I'd just gotten whacked upside the head by the Puberty Fairy not too long before I first saw Tammy Faye on TV. My mother was smitten with her husband. My father made us watch the movie Logan's Run again. My brother and I were a little too young to make such esoteric connections and I found the movie really embarrassing. The Puberty Fairy had missed when she tossed the boy band dust at me.
I grew up with Tammy Faye in the peripheries. Shortly after she and Jim became something of an irregular staple in our familial television routines, Jimmy Swaggart showed up and did his thing. My dad, Super Atheist Man (bet he even had atheist underoos) watched the guy every week, thought he was great. Jim made it pretty big in both the Christian circles and big scandals people won't remember in a few years world. Tammy Faye, though, she was bigger, she was an icon. Her mascara was famous, more famous than her hubby's penchant for embezzling church funds and pretty church secretaries. Her make-up was immortalized on everything from t-shirts to bumper stickers. She was a household name, she was slang, she was an adjective. By the end of the 80s, she was Tammy Faye. Jim Bakker was "that guy who was married to Tammy Faye before he got caught banging his secretary."
I know of a lot of people by their religion. They're Christian or Muslim or whatever first, people second. It's mostly people that I see in the news or yelling at passers-by on street corners. Tammy Faye, though, she was different. I watched her cry rivers of mascara on television sometimes. You'd think that it would be made-up or fake, you know? That it would seem as if the only reason to have so much eye make-up was to enhance the appearance of tears when they bled down her cheeks. It's hard to judge the sincerity of people on television, but I really liked Tammy Faye, at least once I got past the horror of thinking that I was doomed to a life of too much make-up, too.
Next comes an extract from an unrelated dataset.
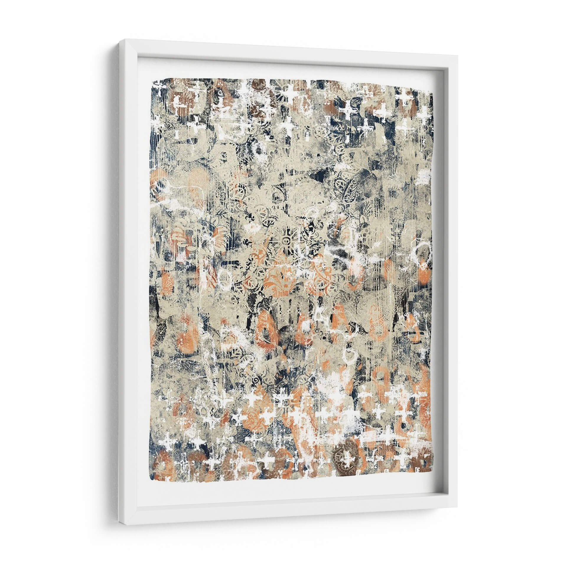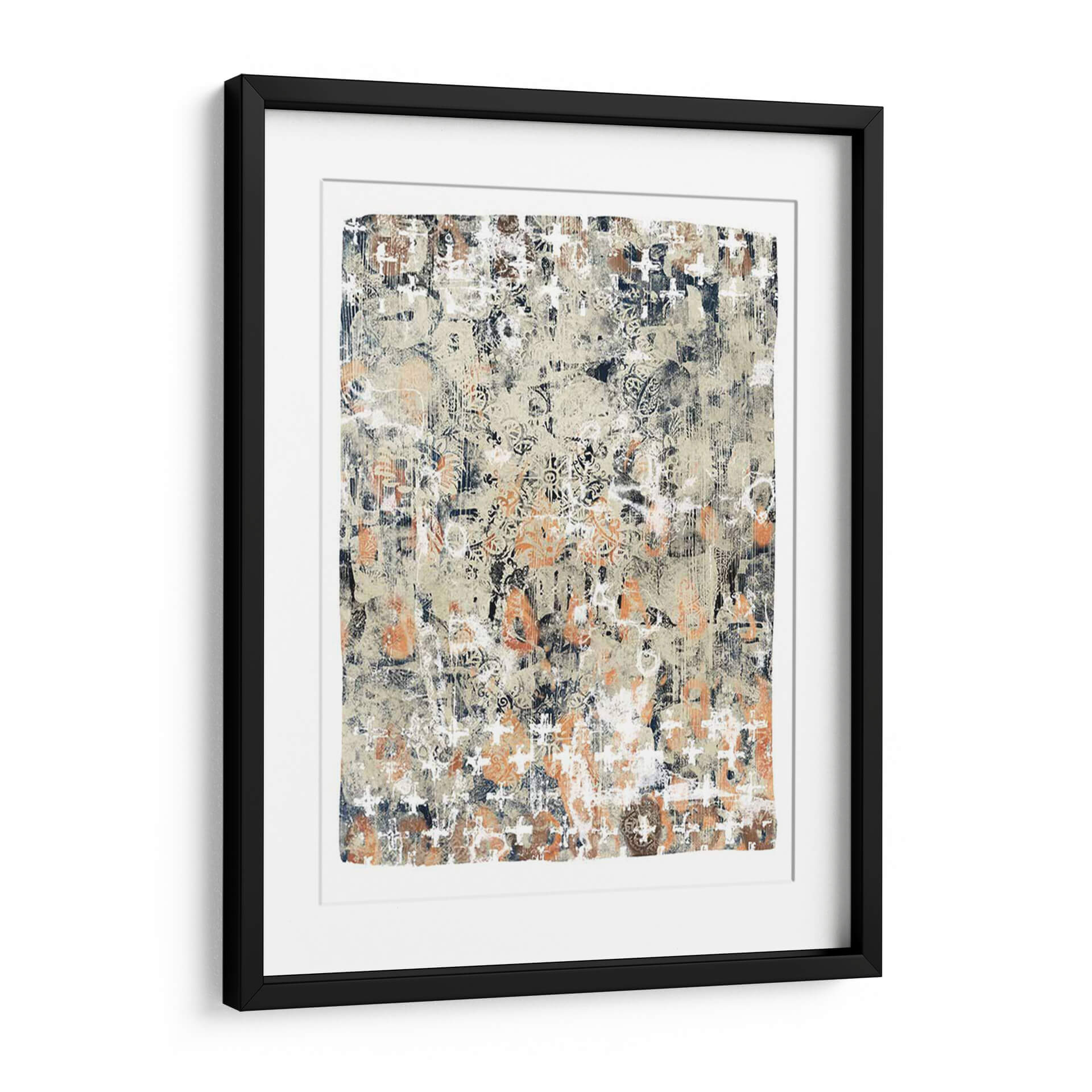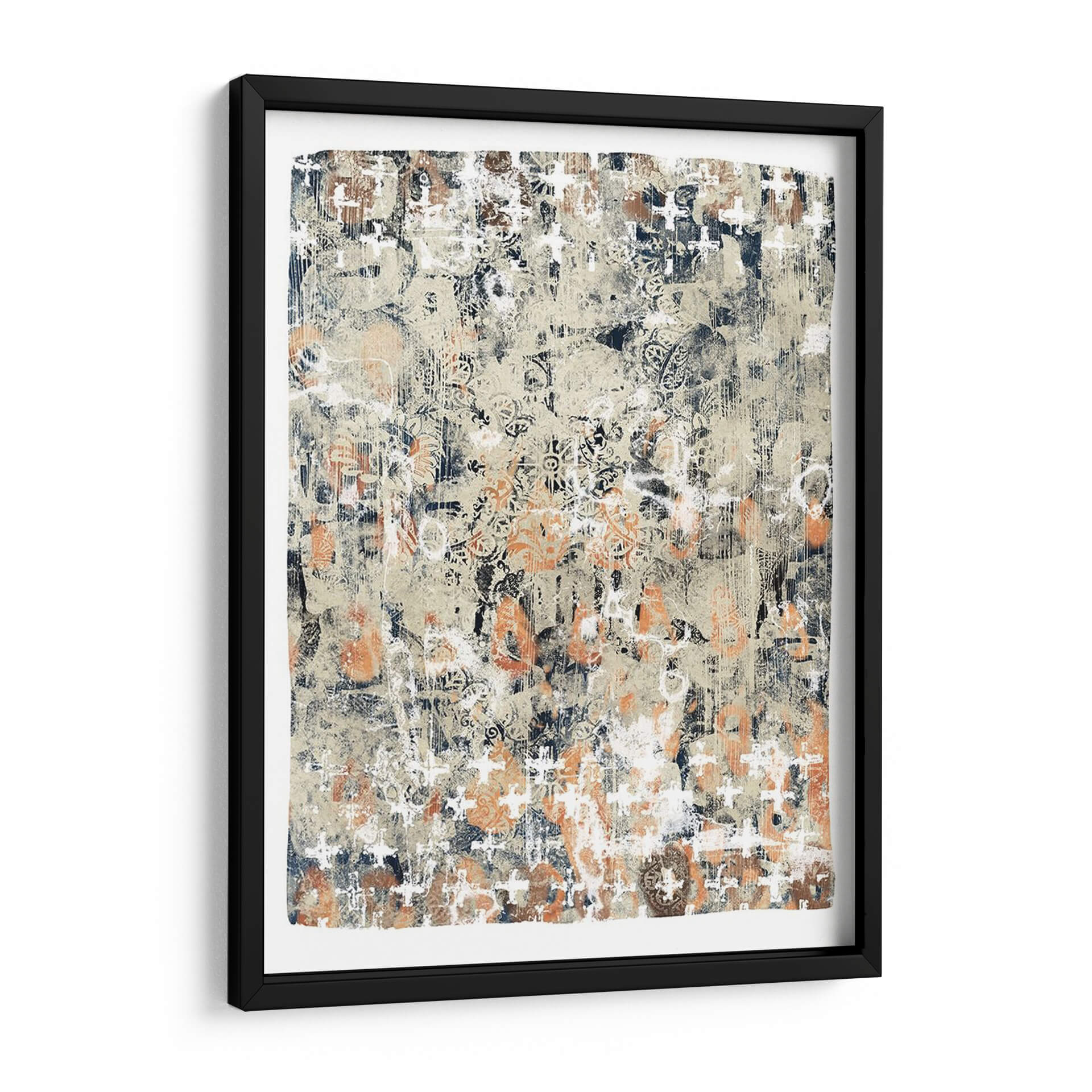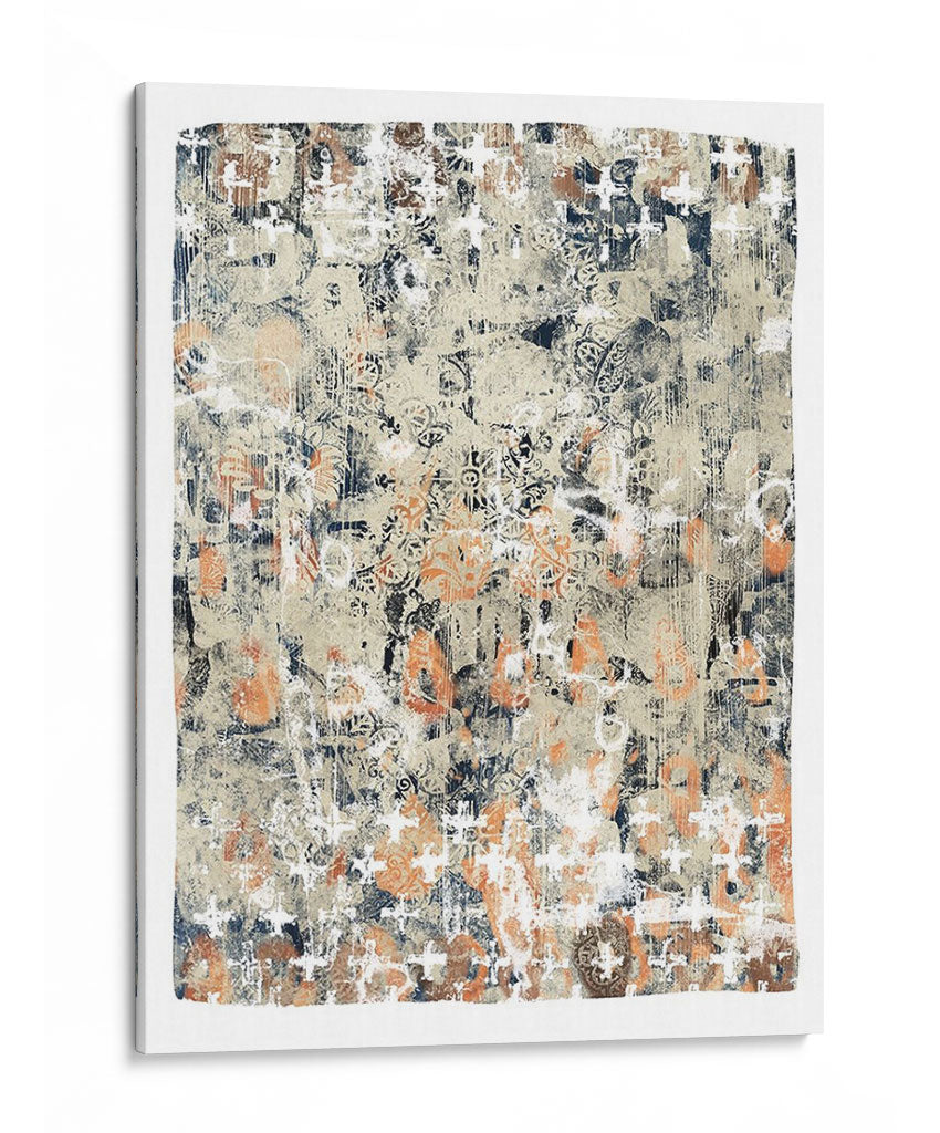 Sumérgete en la profundidad textural y el encanto étnico de 'Mezcla Global I', una obra de arte contemporáneo que fusiona patrones intrincados con una paleta de colores tierra y acentos vibrantes. Este cuadro decorativo abstracto evoca una sensación de historia y viaje, con capas de diseño que recuerdan a textiles antiguos o mapas descoloridos por el tiempo. La composición es rica y detallada, ofreciendo a cada espectador un nuevo descubrimiento visual con cada mirada. Los tonos cálidos de beige y naranja se entrelazan con profundos azules marinos y blancos desgastados, creando un equilibrio dinámico que atrae la atención sin abrumar. 'Mezcla Global I' es perfecta para añadir un toque de sofisticación bohemia o un interés cultural a cualquier sala de estar, estudio u oficina. Su estilo versátil permite integrarla en decoraciones modernas, rústicas o eclécticas, convirtiéndola en un punto focal cautivador que estimula la conversación y la imaginación. Transforma tu espacio con esta pieza única que celebra la diversidad y la belleza de las influencias globales, aportando calidez, carácter y una narrativa visual fascinante a tu hogar.

It was the 90s, though, that I remember her for the most. She had a little show with Jm J. Bullock for a while. J.J. was one of my favorite 80s sitcom supporting actors. He's one of those guys people kind of know the face of, but never really remembered. He's gay. Tammy Faye loved him just as much as she loved everyone else. You know how rare that kind of thing is? For the average Christian out there, homosexuals are in league with the devil. Some may deny that it's not an average Christian thing, but numbers don't lie. Tammy Faye, though, she didn't care what Fallwell's minions (that'd be the Moral Majority and assorted sychophants) thought about it. She knew what Christ was all about.
It's an interesting contrast. She covered her face with the very thing most use as a mask for their real selves, but it never seemed to be a cover. She looked like what many a 50's mother would consider a harlot, but she didn't just talk about Christ, she lived it. I could never help but respect that.